Keywords: Antioxidant activity, Balb c mice, iron chelation, phenolics, oxidative stress, medicinal plants
Introduction
Reactive oxygen species (ROS) are generated spontaneously in cells during metabolism and are implicated in the aeitology of different degenerative diseases, such as heart diseases, stroke, rheumatoid arthritis, diabetes and cancer (Halliwell et al., 1992). Oxidative stress results from either a decrease of natural cell antioxidant capacity or an increased amount of reactive oxygen species (ROS) in organisms.
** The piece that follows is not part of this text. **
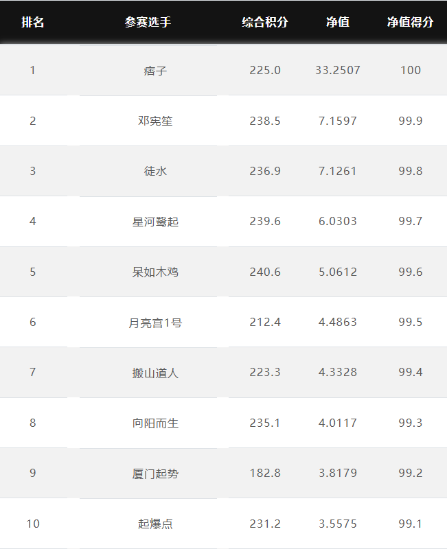 大赛净值排名前10名 2026.3.9

It is well established, that free radicals are associated with processes that lead to cell degeneration, especially in the brain (Shulman et al., 2004). However, consumption of foods rich in antioxidant phytochemicals may help to fight against degenerative diseases caused by oxidative stress by improving body's antioxidant status. Studies have shown that the use of polyphenolic compounds found in medicinal plants, tea, fruits and vegetables is associated with low risk of these diseases (Hertog et al., 1993). Consequently, there is a great deal of interest in edible plants that contain antioxidants and health-promoting phytochemicals as potential therapeutic agents.
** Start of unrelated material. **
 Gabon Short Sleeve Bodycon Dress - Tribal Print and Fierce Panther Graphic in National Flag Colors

The brain and nervous system are particularly vulnerable to oxidative stress due to limited antioxidant capacity (Vega-Naredo et al., 2005). Most brain cells such as neurons, do not make glutathione, and instead rely on surrounding astrocytes to provide useable glutathione precursors, because the brain has limited access to the bulk of antioxidants produced by the body. Hence, neurons are the first cells to be affected by a shortage of antioxidants, and are most susceptible to oxidative stress (Perry et al., 2004). Recently, phenolic compounds have attracted researchers' interest owing to their antioxidant capacity; they can protect the human body from free radicals, whose formation is associated with the normal natural metabolism of aerobic cells. Polyphenols are common constituents of the human diet, present in most foods and beverages of plant origin. It is considered that they contribute to the prevention of various neurodegenerative diseases such as Alzheimer's diseases. The in vitro studies have shown the antioxidant properties of polyphenols and their ability to modulate the activity of various enzymes (Sabir et al., 2012).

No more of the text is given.